国が保育園の不足解消に動くのであれば、とても嬉しいコトではあるけれども、本質的な問題として、例えば育児で何年か親が仕事を休んだとしても、キャリアの中断を許す国になるコトも、本来ならあるべきではないかと思ったのが、こちらの本。
愛着についての研究が世界的にも盛んな国・オランダでは、賃金抑制を行う代わりに雇用の安定化と労働時間の短縮を進め、正規雇用とパートタイム労働者の差別を撤廃した結果、総労働人口が増え、景気がとてもよくなり、失業率は1%を切る水準まで下がるとともに、賃金や一人当たりの実質GDPも上昇したという。

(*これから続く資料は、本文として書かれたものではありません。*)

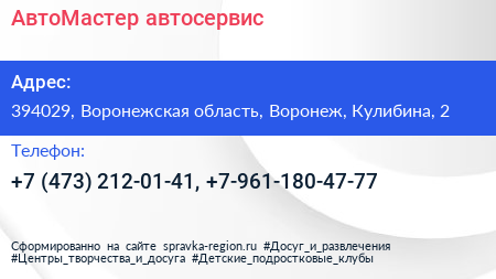 АвтоМастер, автосервис по адресу 394029, Воронежская область, Воронеж, Кулибина, 2 в дальнейшем Организация, размещена в следующих категориях:

働く女性は、出産子育てと仕事のバランスをとりやすくなり、一九七〇年代には女性の社会進出が緩慢に進むとともに、合計特殊出生率が急激に低下してたのに、女性の社会進出が急速に進むのと並行して、合計特殊出生率が改善した。
有給の出産休暇は産後一六週で、ヨーロッパでは特別長いわけではないが、出勤日数や出勤時間を調節することが権利として認められているので、無理のない範囲で働けるので、子育てと仕事の両立に繋がっている。

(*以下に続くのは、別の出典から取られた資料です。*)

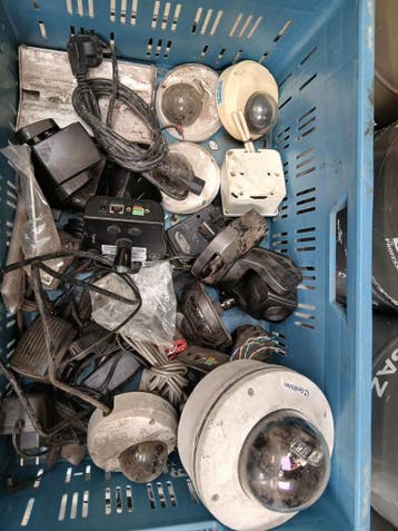 Aangeboden, krat vol defecte beveiligingscamera's. Eenvoudig op te hangen, schrikt altijd af! Zelf even afstoffen...

夫と妻が、たとえば週に三日ずつ働き、仕事や子育てや家事も平等に分担するスタイルが増えている。
労働時間自体が世界でもっとも短く、残業は原則禁止で、夏には三〜四週間の夏休みを取るのが普通。
プライベートや子育てにゆったり時間をかけられ、午後六時には家族そろって夕食をとるのが一般的なのだとか。
とても、日本とは大違いなのだが、可能であれば、こうした抜本的な施策も検討されてしかるべきではナイだろうか。
特に、不安定な雇用問題の解消も、少子化問題には有効だろう。